Medical help arrived almost immediately, and Desi
Jr., Liza, and Lucie followed the ambulance to the local hospital. Lucie remembered her mother screaming, “not from the pain, but because of the hundreds of people she thought would be thrown out of work because of her condition. She thought it was over.” “It” was not only Mame but Here’s Lucy and Lucille Ball Productions. Almost as soon as Lucy came out from under the anesthetic, depression set in. “I’ll never work again,” she was heard to say. “To hell with it. To hell with it all.” A few days later she changed her mind, ripping off the leg-length cast twice before she got something that allowed her more freedom of movement. “It was hell,” she remembered. Then she added philosophically: “Of course, things always happen to me like this. All my life it’s been arms legs arms legs arms legs.” Flown to Palm Springs for convalescence, she received Robert Fryer, producer of Mame. He guaranteed that she would not be replaced; preproduction of the movie would stop in its tracks until she had made a total recovery.

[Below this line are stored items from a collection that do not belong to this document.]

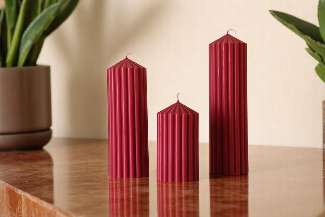 Elegant pillar candles crafted from premium soy wax, designed to bring warmth, sculptural beauty, and a refined atmosphere into your home.
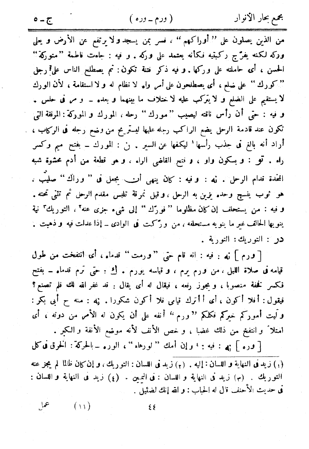 من الذين يصلون على "أوراكهم"، فسر بمن يسجد ولا يرتفع عن الأرض ويعلي وركه لكنه يفرج ركبتيه فكأنه يعتمد على وركه. وفيه: جاءت فاطمة "متوركة" الحسن، أي حاملته على وركها. وفيه ذكر فتنة تكون: ثم يصطلح الناس على رجل "كورك" على ضلع، أي يصطلحون على أمر واه لا نظام له ولا استقامة، لأن الورك لا يستقيم على الضلع ولا يتركب عليه لاختلاف ما بينهما وبعده - ومر في حلس. وفيه: حتى أن رأس ناقته ليصيب "مورك" رحله، المورك والموركة: المرفقة التي تكون عند قادمة الرحل يضع الراكب رجله عليها ليستريح من وضع رجله في الركاب، أراد أنه بالغ في جذب رأسها ليكفها عن السير. ن: المورك - بفتح ميم وكسر راء. تو: وبسكون واو، وفتح القاضي الراء، وهوقطعة من أدم محشوة شبه المخدة قدام الرحل. نه: وفيه: كان ينهي أني جعل في "وراك" صليب، هو ثوب ينسج وحده يزين به الرحل، وقيل نمرقة تلبس مقدم الرحل ثم تثني تحته. وفيه: من يستحلف إن كان مظلومًا "فورك" إلى شيء جزى عنه، التوريك نية ينويها الحالف غير ما ينويه مستحلفه، من وركت في الوادي - إذا عدلت فيه وذهبت. در: التوريك: التروية.
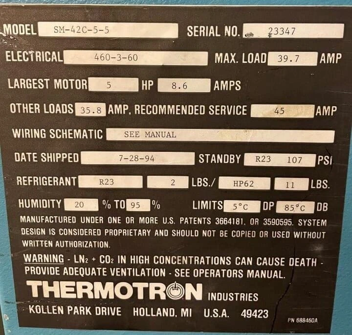 44″W x 37″D x 44″H Thermotron SM-42-5-5, Temp & Humidity, -68C to 180C(2)
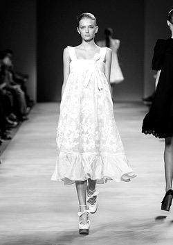 這一季的流行回歸到最單純的白色,但今夏的白色與往年大不相同。相比以往白色服飾給人的純潔印象,今年的白色系列挖掘的是白色性感的另一面:雪紡和蕾絲下面是十足的透明誘惑;鏤空、雕花、綴邊的“拼接”勾勒出女人的完美曲線;關注細節的刺繡、鑲嵌帶來的視覺感受,讓人回味無窮的精致性感……

Here’s Lucy employees were astonished and gratified to find their president back in the saddle less than a month after the accident, filming the next episode. “For Mom,” Lucie said, “it was like doing Whose Life Is It Anyway?” That play concerned a paraplegic whose only moving part was his face. Lucy was luckier; the scripts, rewritten to accommodate her disability, put her in bed or in a wheelchair, where she could at least use her torso. As Geoffrey Mark Fidelman remarks in The Lucy Book, the accident turned out to be a plus for the series. It provided a continuity and focus previously absent from the program. Because Lucy was in a wheelchair or leg cast it would have been unseemly for her boss to yell at her, so the writers gave Gale Gordon a more agreeable persona. The former antagonists became emotional equals rather than simply boss and employee, and the Lucy character, at long last, was allowed to grow older. No one referred to her as a young lady anymore.
Desi’s show business career was not quite finished. “I was tired,” he claimed, “of seeing Ricardo Montalban and Fernando Lamas in all those Mexican roles.” He was also tired of being television’s forgotten man. And so he appeared in an episode of The Men from Shiloh, a Western series, some twenty-five pounds heavier but looking none the worse for his bouts with severe diverticulitis. He had sold his horse-breeding farm and now spent almost all his leisure hours fishing in Mexico or relaxing on the grounds of his Del Mar house. If no new money was coming in, he had plans to produce several new series. And perhaps he would do some more acting now that he had gotten his feet wet again. Lucy wasn’t the only one with talent, the networks were continually reminded.